— Парамоша, где баба-то твоя? Бросила, что ль? Подолом треплет, а ты тут с голодухи загибаешься. Если вернется, не принимай вертихвостку. Будь мужчиной.
— Ты на алименты подавай, — советовали другие. — Чего одному горе мыкать! Давай мы тебе заявление напишем по всей форме. Царю вашему морскому, Нептуну. Так, мол, и так, семеро по лавкам, воспитывать надо. Ты ж теперь отец-одиночка. Нечего стесняться, надо требовать, что положено по закону.
— Напишем честь по чести, — поддакивали третьи. — Мы — свидетели. Мы ей, потаскушке, насыплем соли на хвост. Ишь, выплодила ораву, подкинула тебе на шею, а сама в загул пустилась.
— А заметили, у них самки больше самцов, — сказал кто-то.
— Ну и что?
— А то, что здоровые бабы, они ленивые. Тощие — те суетятся, по дому хлопочут, а толстые, они — поспать больше.
Самки пинагоров больше самцов. Длина самки полметра бывает, и вес приличный, а самцы вполовину меньше. Когда они рядом, то как иногда у людей бывает: этакая крупная бабища с дробненьким мужичонкой под мышкой.

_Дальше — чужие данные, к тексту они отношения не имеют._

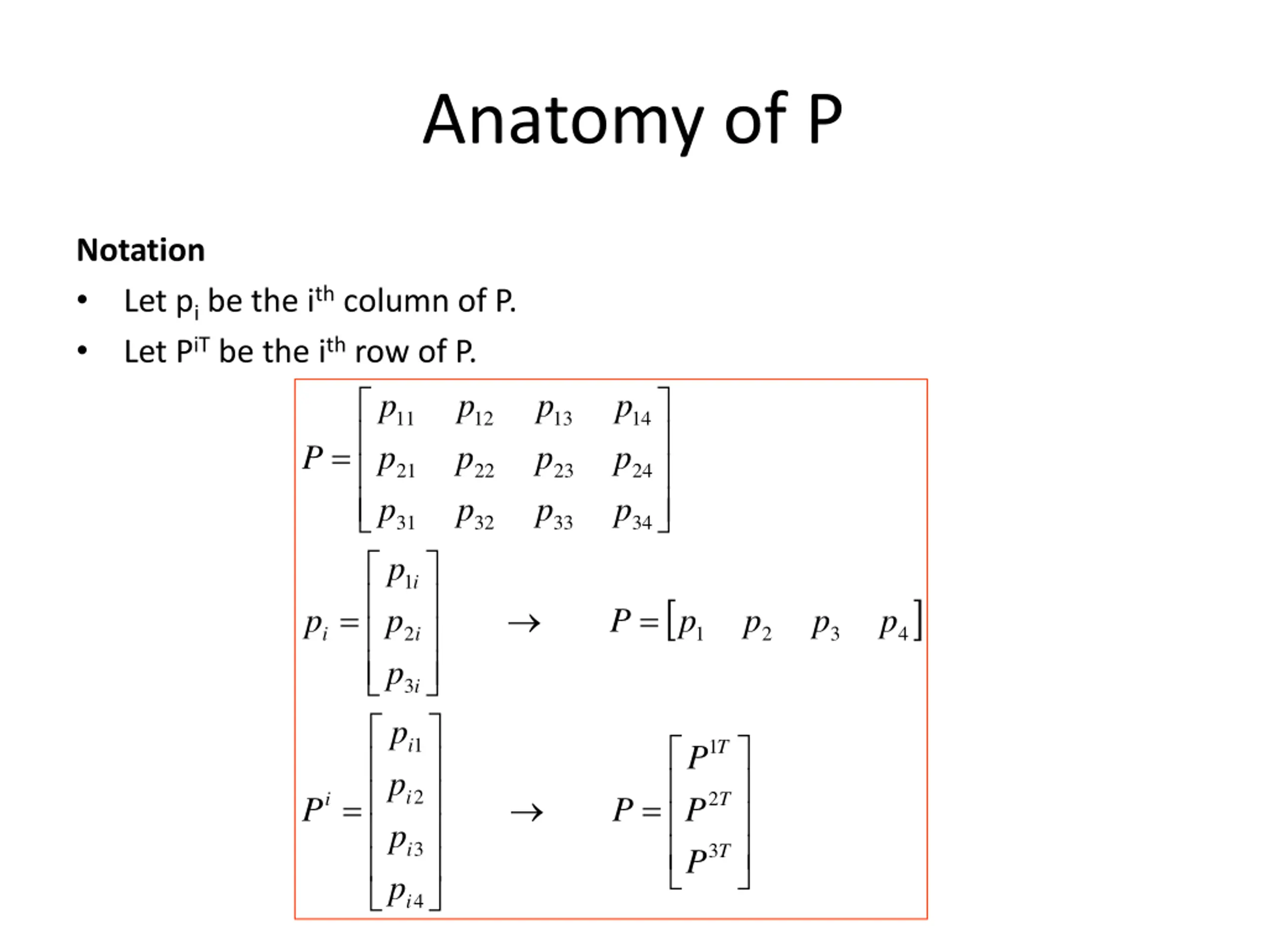 Anatomy of P Notation Let pi be the ith column of P. Let PiT be the ith row of P. p p p p 11 12 13 14 = P p p p p 21 22 23 24 p p p p 31 32 33 34 p 1 i = = p p P p p p p 2 1 2 3 4 i i p 3 i p 1 i 1 T P p 2 i = = 2 i T P P P p 3 i 3 T P p 4 i

— Ты бы, Парамоша, поохотился, а то загнешься не жрамши, —говорили ему. — Думаешь, добрым словом помянут тебя эти детки. Вот вылупятся, расплывутся по морю — поминай как звали. На старости лет куска не подадут.
Нам было весело, мы балагурили — все развлечение под водой. Обычно уходишь в это холодное безмолвие и остаешься один на один со стихией, с опасностями, что подстерегают водолаза в любой момент, а тут — живая душа объявилась! И мы к Парамону относились с сочувствием, как к равному. Любили его.
— Надо его подкормить! — спохватились мы. — А то он с голодухи икру полопает. У них это запросто.
— Крупы посыпать с борта, каши там, перловки, — советовали.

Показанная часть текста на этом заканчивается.